Dia menilai langkah Kejagung tersebut sangat tepat.
Menurut Hadjuno, upaya ini merupakan prosedur hukum yang wajar dalam proses penyidikan dugaan kasus pengurangan pajak.
Dia menilai menilai pencekalan adalah tindakan administratif yang lazim dilakukan untuk memastikan proses penyidikan berjalan efektif.
“Saya melihat ini sebagai bagian dari prosedur hukum yang harus dihormati,” ujar Hardjuno di Jakarta, Sabtu (29/11).
Kejagung sebelumnya meminta Direktorat Jenderal Imigrasi mencegah Victor bepergian ke luar negeri dalam rangka pendalaman perkara perpajakan yang disebut terjadi pada periode 2016–2020.
Hingga saat ini, perkara masih berada pada tahap penyidikan, dan Kejagung belum mengumumkan detail dugaan kerugian negara maupun pihak-pihak lain yang terlibat.
Kandidat Doktor Hukum dan Pembangunan Universitas Airlangga (Unair) ini menegaskan bahwa dugaan pengurangan pajak yang melibatkan korporasi besar harus diproses secara serius karena menyangkut penerimaan negara dan keadilan fiskal.
Dia menilai penyidikan semacam ini penting untuk memperkuat integritas sistem perpajakan nasional.
“Tidak boleh ada perbedaan perlakuan antara usaha kecil dan konglomerasi. Kepatuhan pajak adalah pondasi kepercayaan publik,” katanya.
Lebih jauh, Hardjuno mengaitkan momentum ini dengan pelajaran besar dari penanganan Bantuan Likuiditas Bank Indonesia (BLBI) serta skema obligasi rekapitalisasi pasca-krisis 1998.
Menurut dia, hubungan negara–korporasi di masa lalu menyisakan beban fiskal jangka panjang akibat minimnya transparansi dan lemahnya pengawasan.

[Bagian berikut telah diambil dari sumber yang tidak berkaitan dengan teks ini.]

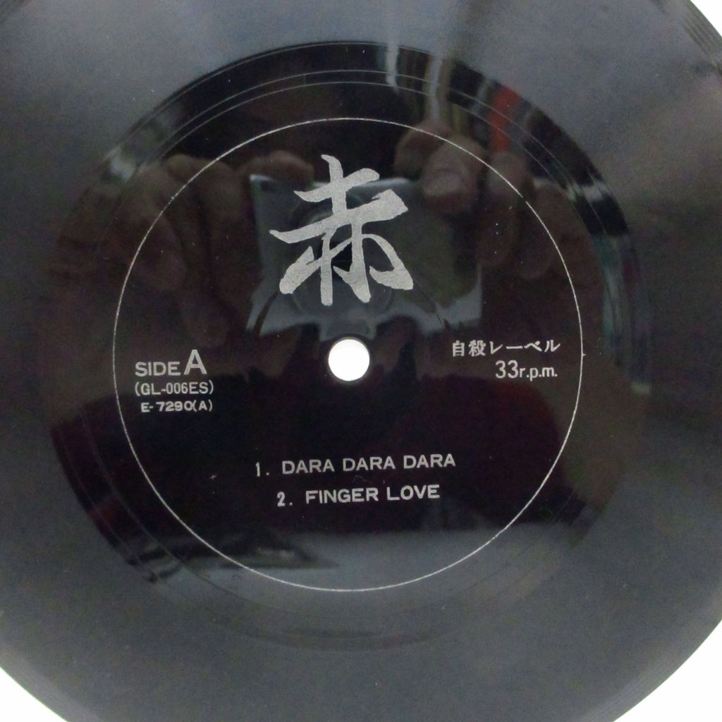 奇形児、マスターベーションと共にバンク第2世代を代表する「赤(アカ)」が'85年にリリースした唯一ソノシート。東京に活動ベースを移した自殺レーベルから。Dara Dara Dara / Finger Love / 偽想愛/ まらない 収録。ベースは後に東京ヤンキースに加入。
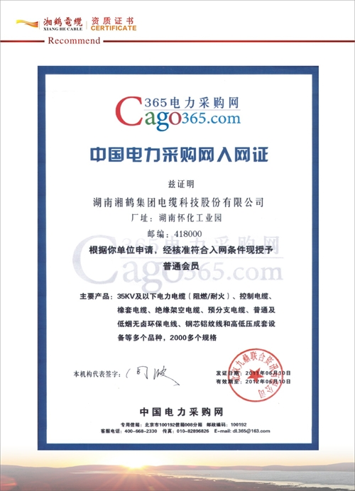 中國電力采購入網(wǎng)證
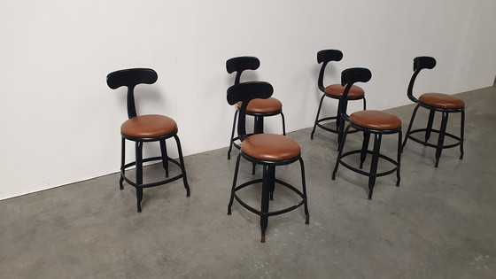 6-teiliges Modell Stuhl oder Hocker, Hocker aus mattschwarzem Metall mit cognacfarbenen Skai-Ledersitzen. Original und markiert.

“Pengalaman BLBI menunjukkan bahwa ketika relasi keuangan negara dan korporasi tidak dikelola secara terbuka, risiko moral hazard sangat besar dan dampaknya diwariskan bertahun-tahun,” ujarnya.
Dia menilai bahwa karena terdapat sejarah panjang interaksi negara dan konglomerasi nasional dalam konteks krisis 1998, setiap perkara yang menyangkut kepatuhan pajak korporasi besar dewasa ini perlu ditangani dengan standar transparansi yang tinggi.